▶ _Task brief_
The range to repeat runs from the line with "IH 000 100 020 paski nośne" to the last line below, both ends included; give it exactly and without pictures.

▶ _Given records_

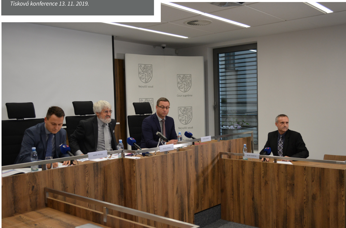
Tisková konference 13. 11. 2019.
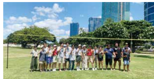
▲ハワイ金武町人会ピクニックにて
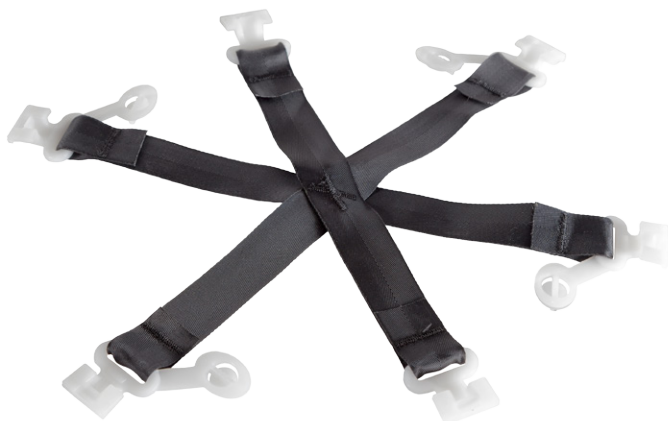
IH 000 100 020 paski nośne
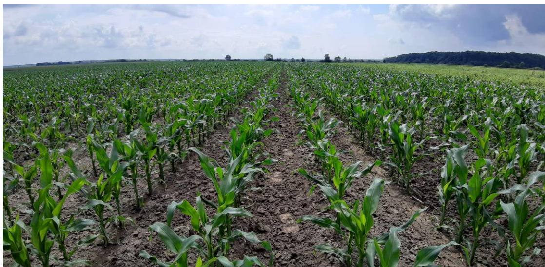
Slika 15. Kukuruz

Također važna komponenta u smjesi je i pšenica koji je treća po redu zastupljenosti od ukupne količine obradivih površina, kao i soja. Pšenicu meljemo a soju ekstrudiramo. Koristimo ih kao proteinska krmiva.

▶ _Reply to the task_
IH 000 100 020 paski nośne
Slika 15. Kukuruz

Također važna komponenta u smjesi je i pšenica koji je treća po redu zastupljenosti od ukupne količine obradivih površina, kao i soja. Pšenicu meljemo a soju ekstrudiramo. Koristimo ih kao proteinska krmiva.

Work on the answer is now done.